Les premiers chapitres nous conduisent de l’automne 1939 à Paris, au printemps 1942 à Londres, en passant par Biarritz, Perpignan, Figueiras, le camp de Miranda et Gibraltar. Ouvrier chez Bréguet, ses camarades de travail à Aubervilliers plaisantent un peu à propos de son nom à particule. La semaine de travail est passée à 72 heures, et la tâche est éprouvante. Le 13 juin 1940, le patron annonce à son personnel que l’usine évacue et qu’il leur donne rendez-vous à Toulouse. Le temps de trouver une bicyclette, et le voila parti avec quelques copains. Pithiviers, Châteauroux, Limoges, Brive, Cahors, Montauban : le 20 juin il arrive aux ateliers Bréguet de Toulouse. Pas encore de travail, beaucoup de discussions. Il a entendu parler de Pétain et d’une demande d’armistice dans les centres d’accueil de réfugiés où il passait la nuit durant son fatigant voyage. Il ne peut pas y croire, il ne veut pas y croire : « Vexés d’être ainsi déclarés perdants avant d’avoir joué (…)  C’est pas facile à avaler leur capitulation ».

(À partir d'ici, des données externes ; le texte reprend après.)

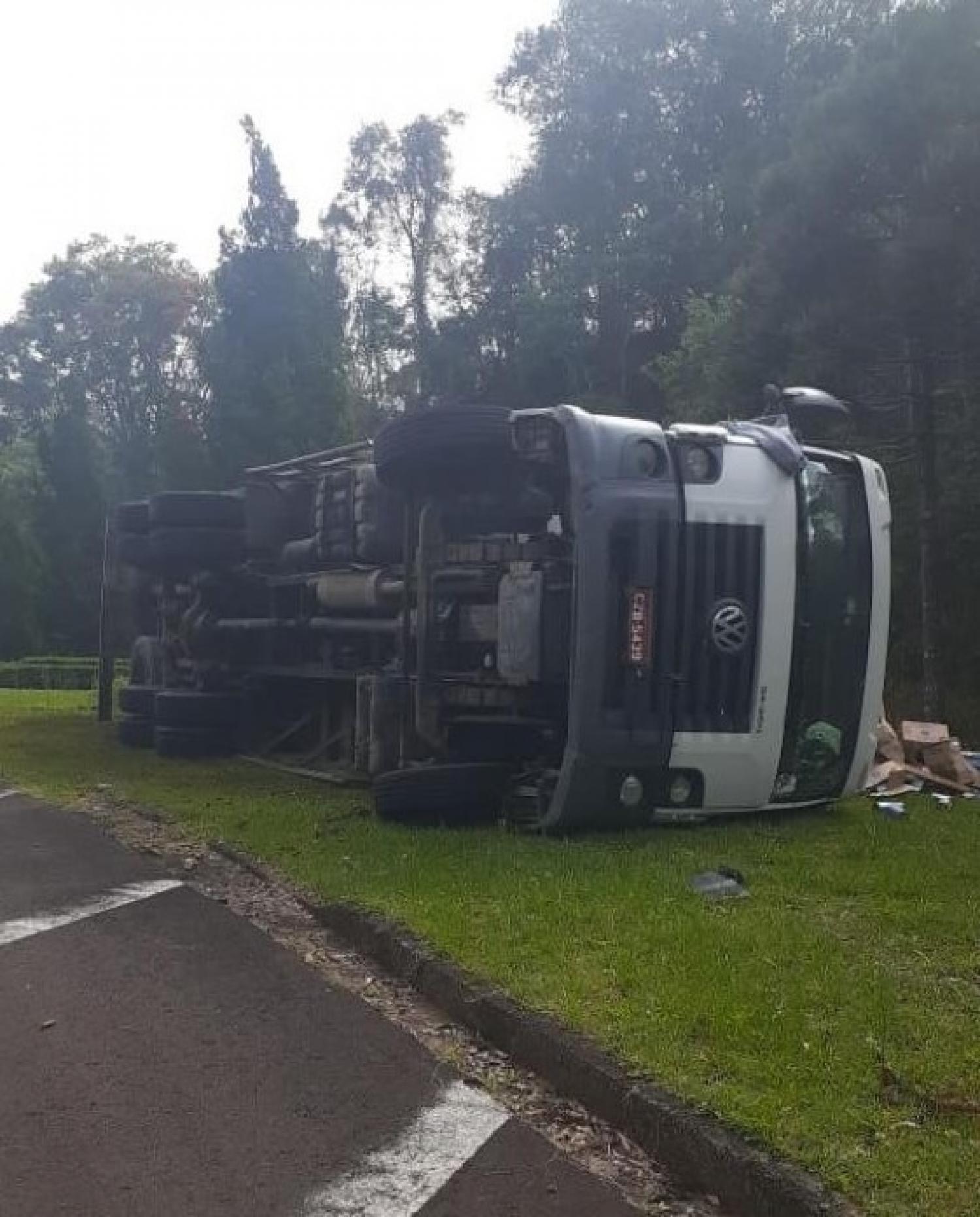 Um caminhão carregado com solvente para tintas tombou na tarde desta terça-feira (15), próximo a pedreira do Rio Jordão, entre Foz do Jordão e a Vila Copel, na região centro oeste paranaense.

Un immédiat, viscéral et absolu refus de cesser le combat fonde son engagement. « Il faut se tirer de là avant que les Allemands arrivent. ». Avec trois copains, il file vers Bayonne, troquant vite les bicyclettes contre une vieille 5 CV Citroën.  Á Bayonne, pas d’issue ; même chose à Biarritz. Décision est prise de partir pour Port-Vendres. Une fois qu’il y est parvenu, il constate la même impasse. Les autorités dispersent les réfugiés dans les villages. Il se retrouve dans un petit village proche de Perpignan où il passe quelques jours agréables, pêchant l’anguille, ramassant des escargots, discutant avec le maréchal-ferrant communiste. Depuis toujours radio amateur passionné, anglophone de par ses origines familiales (il a même fait un an d’études en Angleterre), il écoute la BBC sur les ondes courtes, apprend l’existence du général de Gaulle et constate que « les Anglais ne se laissent pas faire » Avec trois soldats écossais rescapés de la campagne de 1940, il décide de partir pour le consulat anglais de Barcelone, le 5 septembre 1940.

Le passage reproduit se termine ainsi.